**Task:** Find the "Исплакнете го свинското" line in the records below and repeat it and every later line exactly, up to the last; do not include pictures.

**Dataset records:**
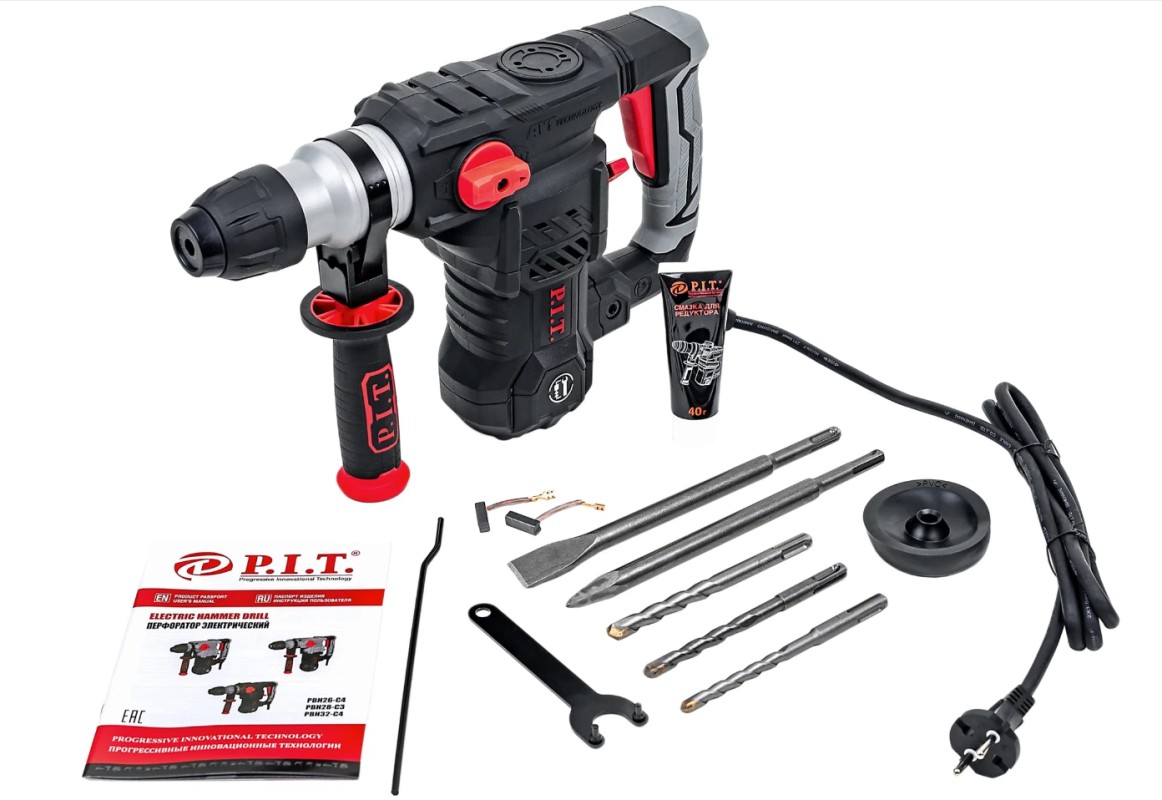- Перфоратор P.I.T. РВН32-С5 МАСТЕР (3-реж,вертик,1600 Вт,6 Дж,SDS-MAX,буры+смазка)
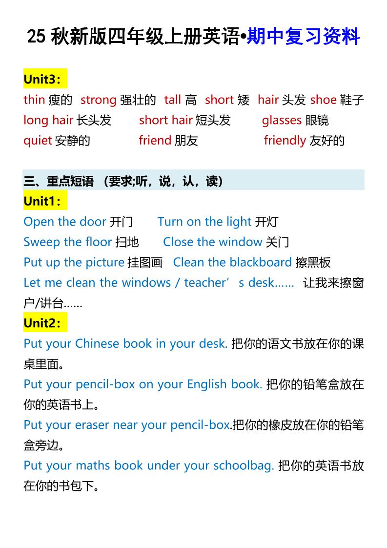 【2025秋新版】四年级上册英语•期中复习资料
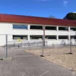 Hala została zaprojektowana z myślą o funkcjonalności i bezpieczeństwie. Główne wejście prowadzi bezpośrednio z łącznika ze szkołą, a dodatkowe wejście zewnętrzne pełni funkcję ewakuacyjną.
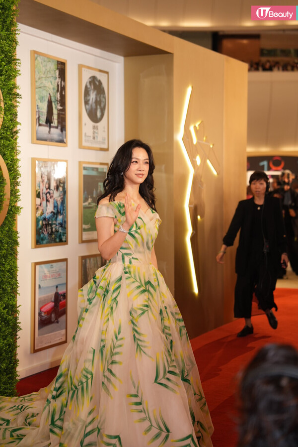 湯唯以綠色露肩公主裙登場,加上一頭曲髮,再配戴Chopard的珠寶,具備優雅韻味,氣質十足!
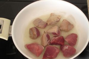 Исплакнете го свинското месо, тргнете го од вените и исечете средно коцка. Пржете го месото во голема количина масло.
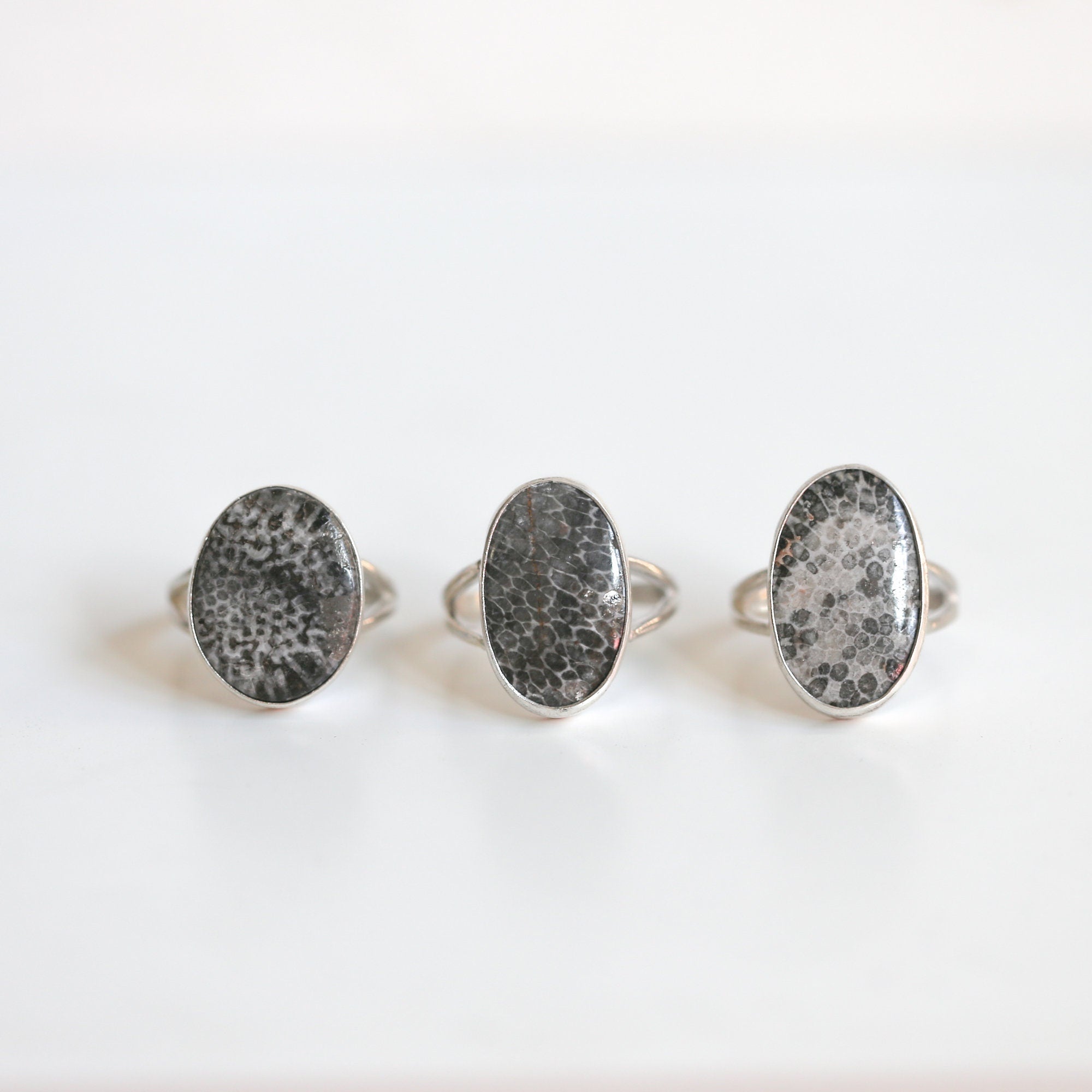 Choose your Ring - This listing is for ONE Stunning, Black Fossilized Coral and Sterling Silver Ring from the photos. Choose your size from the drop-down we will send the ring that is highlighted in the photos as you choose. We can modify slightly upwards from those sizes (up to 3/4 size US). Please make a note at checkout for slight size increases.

**Expected answer:**
 Исплакнете го свинското месо, тргнете го од вените и исечете средно коцка. Пржете го месото во голема количина масло.
 Choose your Ring - This listing is for ONE Stunning, Black Fossilized Coral and Sterling Silver Ring from the photos. Choose your size from the drop-down we will send the ring that is highlighted in the photos as you choose. We can modify slightly upwards from those sizes (up to 3/4 size US). Please make a note at checkout for slight size increases.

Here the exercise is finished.